The second worst thing a woman can do (other than pooping, of course) is pee all over the protruding tampon string. Even if you try to absorb it with toilet paper, it's too late—the string is wet. If you don't have another tampon handy, now you have to pull up your underpants with the wet string in there, and walk around knowing your peed on tampon string is now moistening your knickers too.

4. Losing the string

And then you can lose the string all together. (I'm just now realizing that the string is, by far, the most problematic part of the tampon.) Don't fear: Your tampon cannot get sucked up into your uterus, despite what your worst nightmares look like. It's not going past your cervix, so you don't have to fish around too deep it order to pull it out if the string goes missing. Although the sentence "fish around too deep" in reference to your vagina probably isn't all that appealing.

5. Forgetting there's one in there

You'd be hard pressed to forget about your tampon on a "heavy flow" day (hello, leakage), but on a day where your period is light, you might put your tampon in the morning, and then suddenly, there you are, bolting upright in bed the middle of the next night realizing it's still in there and you just totally forgot about it. After removing it, you'll be unable to get back to sleep, worried that toxic shock is now happening to you, even though you've never actually heard of it happening to anyone. (Side note: You're pretty much always in fear of toxic shock syndrome if you use tampons, again, even though you've never heard of it happening to anyone in real life.)

6. Getting a tampon in on the last day of your period

When the river starts to run dry, pushing a tampon up in there is like... well, you know. It's just like pushing something hard into a hole with no lubrication.

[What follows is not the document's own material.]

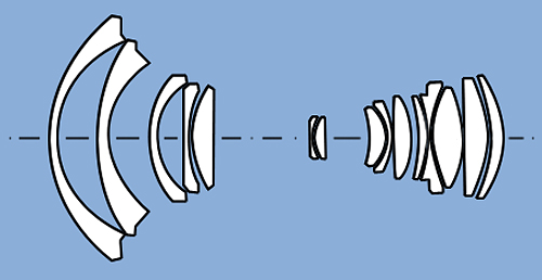 Optischer Aufbau: 15 Linsen in 11 Gruppen

Unpleasant.

7. Trying to find a way to sexily get it out before sex

In the heat of the moment, there's absolutely nothing you can do to discreetly and sexily remove a tampon. If you don't want to be pulling it out in front of your lover, you'll have to excuse yourself and head for the bathroom, the delay associated with which can be a mood killer. But I guess less of a mood killer than a dangly, bloodied piece of cotton on a string smearing across your thighs as you pull it out. Really makes you feel sexy, huh?